Successful contact tracing: Setting up, scaling and advancing operations
Connecting state and local government leaders
Efficient contact tracing centers must be well staffed, scalable and conscientious of data protection.
This September, back-to-school conversations have involved not just parents and children but also government officials and medical professionals who are grappling with how to control the spread of COVID-19.
According to two recent studies, the key to a safe school year may not be something new, but something most of the country has been hearing about for some time – contact tracing.
As schools deal with the challenges of bringing students back and businesses roll out their return-to-office policies, contact tracing will become even more relevant. With states looking to increase and improve their contact-tracing operations, it’s important to understand how successful contact tracing centers work.
Setting up shop
The first decision states must make when starting or expanding their contact tracing operations is how the program will be managed. All contact tracing centers are the result of some level of collaboration between the private and public sectors. Some governments are choosing to handle the contact tracing operations in-house, while others are turning to business process outsourcers. BPOs come with deep contact center knowledge, and while they may not be experts in contact tracing, they have the experience with contact center software and customer-experience best practices that lead to efficient contact tracing operations.
Those states wishing to maintain more hands-on control over the tracing process by keeping operations in-house can still leverage the private-sector’s experience and technology. In these collaborations, the states supply public health experience and regional awareness, and private companies bring the technology expertise to facilitate the call-center-like operations that enable contact tracing.
Baseline technology needs
The key technology requirement for a contact tracing center is efficient customer relationship management software. A CRM solution is typically used to record, report and analyze interactions between a company and its customers.

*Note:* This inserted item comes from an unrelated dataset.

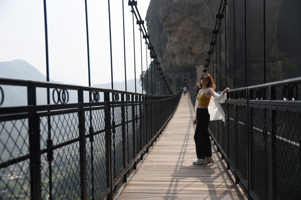 方洞的天空之桥是雁荡山的新三绝之一,极具观赏特色。天空之桥全长约100多米,离地有200米高,建于两个悬崖之间,立于桥上能远眺整个雁荡山景色,既让人心惊胆颤又能体验与众不同的视觉景观。

For contact tracing it can gather and store patient data to make the program more effective.
Contact tracing centers should also implement a contact center as a service (CCaaS) platform to intelligently route contacts from all communication channels, connecting the tracers with the individuals they need to be in contact with. States can also take advantage of workforce optimization (WFO) software to help set up the tracing team for success via workforce planning, quality management and analytics capabilities.
Scaling operations
Staffing contact tracing centers is the first aspect of the operation that must be addressed. The Centers for Disease Control and Prevention has recommended that states need 30 tracers for every 100,000 citizens. That tracer team will likely be made up of a hybrid force of health professionals, librarians and others who are skilled in sleuthing. But regardless of how a state or BPO chooses to staff the contact tracing center, it will need workforce management (WFM) software to forecast staffing needs and schedule the teams.
For most contact tracing centers, this means relying on the cloud. With the unpredictability of outbreaks, a cloud-based WFM platform gives contact tracing centers the flexibility to respond in real time to surges in COVID-19 cases through expandable and contractable software usage, as well as with dynamic intraday and weekly scheduling. As an added benefit, it can help simplify the management of a hybrid remote/on-site workforce. Since many contact tracing centers are working in a hybrid fashion, this flexibility is of chief importance.
Advancing tracer success
Contact tracing is challenging because personal information must be gathered from each interaction, often from people who are distressed, rushed for time or mistrustful of providing such information. Quality management software can help tracing agents more empathetically and efficiently collect the required information, as evaluating tracer-patient interactions shows where and which tracers need coaching. Automated quality management, infused with predictive analytics, provides scoring and insights for 100% of interactions, which expedites targeted training by more efficiently highlighting areas for improvement. Advanced WFM tools can, in turn, be used to automatically schedule such training for tracers and help accelerate their development.
Contact tracing is a sensitive issue. It relies on patient trust and tracers performing well in emotionally charged interactions. Quality management, analytics and WFM tools will drive better agent trainings, thereby creating more skilled agents, building a more engaging experience for patients and helping contact tracing gain a trustworthy reputation as whole.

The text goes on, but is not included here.